Is your organization really agile?
 

The Agile Manifesto (2001) proclaims 12 principles for developing better software. Not surprisingly, most software development organizations, having been thoroughly burned by failures of waterfall model projects, say they've adopted these principles. But have they? In my experience, lip service is the rule, while true agile software development is the exception.

How can you tell if your organization is really walking the walk and not just talking the talk? It all comes back to the Agile Manifesto. Using eight of the 12 principles, let's look at how well other organizations measure up, and you can compare it to what's happening in your own organization to see where you stand.

Continuous and frequent delivery

Two key principles are "Our highest priority is to satisfy the customer through early and continuous delivery of valuable software," and "Deliver working software frequently, from a couple of weeks to a couple of months, with a preference to the shorter time scale."

Easy, right? What could go wrong?

How about this scenario: Your development is organized into two-week sprints. At the end of the two weeks your product won't build.

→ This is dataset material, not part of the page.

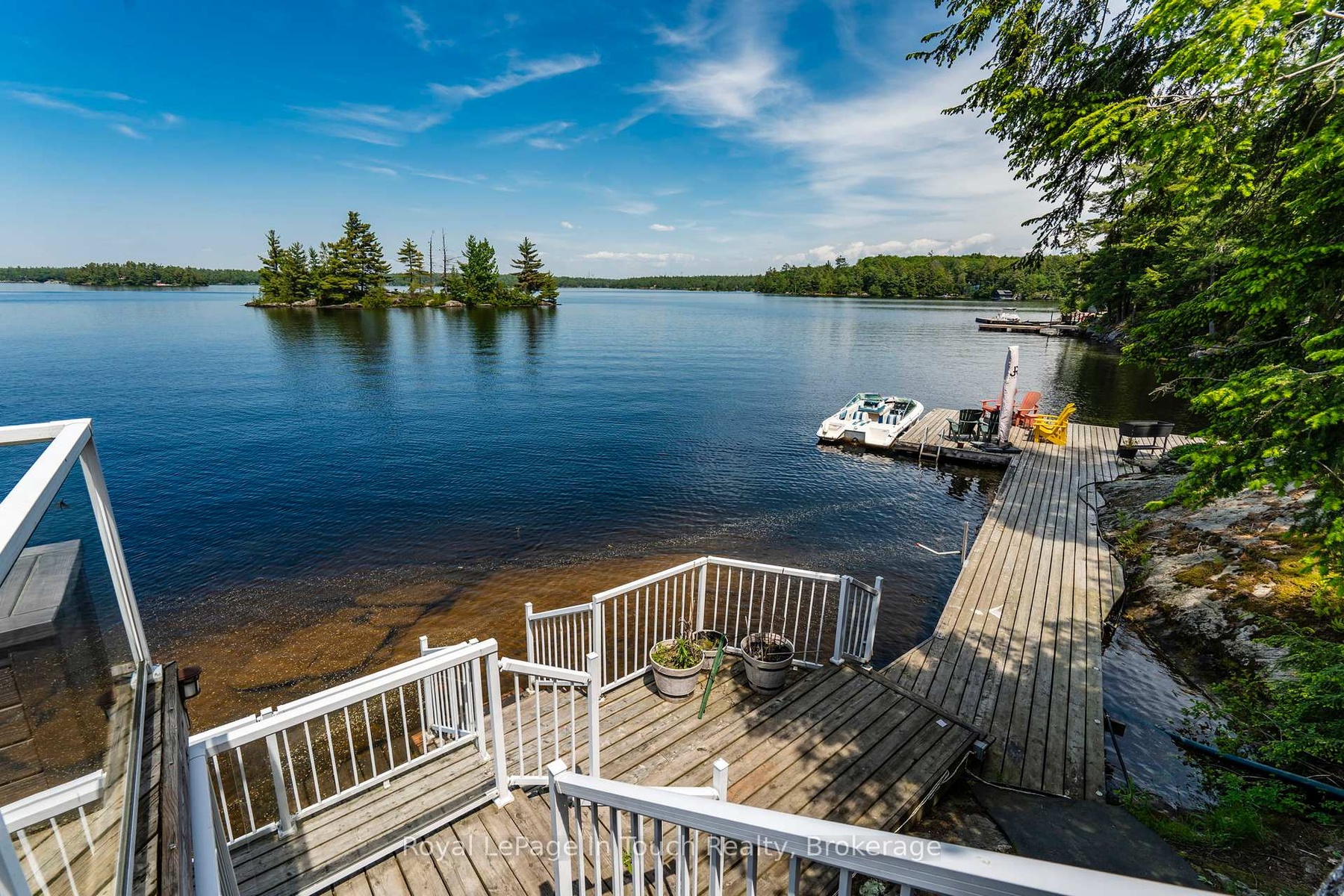 Welcome to 4 Island 270 on stunning Six Mile Lake, a private island retreat with over 400 feet of clean, natural waterfront and some of the most breathtaking north-facing views the lake has to offer. This beautifully maintained property features a charming 2-bedroom, 1-bathroom cottage, perfect for relaxed lakeside living, along with a 300 sq. ft. bunkie ideal for guests or extra family. Step outside and enjoy fantastic swimming right off the deck, or take advantage of the waterpark-style waterslide for endless summer fun. With ample docking space, there's plenty of room for boats, water toys, and entertaining. The landscape is thoughtfully curated with lush gardens throughout the property, adding vibrant color and tranquility to the natural surroundings, wheather you're sipping coffee at sunrise or winding down as the sun sets across the bay, the north facing exposure ensures you enjoy both start and ends of the day with unparalleled views. This is a property designed for making memories offering privacy, recreation, and comfort in one of Muskoka's most sought-after lake communities. 4 Island 270 is the perfect island getaway for families, friends, and anyone who loves the magic of cottage life on Six Mile Lake.

On investigation, you discover that some of the developers didn't understand the difference between git commit and git push, so they didn't update the common repository, even after their code passed all tests. To make matters worse, some developers never bothered to git checkout the project after the beginning of the sprint because they didn't want to merge other people's changes while they were "in the flow."

So now tell me, are you really agile?

Be ready for change

You think you have this principle down: "Welcome changing requirements, even late in development. Agile processes harness change for the customer's competitive advantage."

But what if, two weeks before your Windows desktop product is due to ship, Microsoft issues a security patch that keeps a key function from working. You've already slipped your schedule twice, and management not only insists that you meet the current deadline but won't authorize overtime for your team. You ship without modifying the feature and tell operations to roll back the Microsoft patch.

Really?

Take a team approach

The Manifesto goes on to state that "Business people and developers must work together daily throughout the project," and that "The most efficient and effective method of conveying information to and within a development team is face-to-face conversation." It's all about communication.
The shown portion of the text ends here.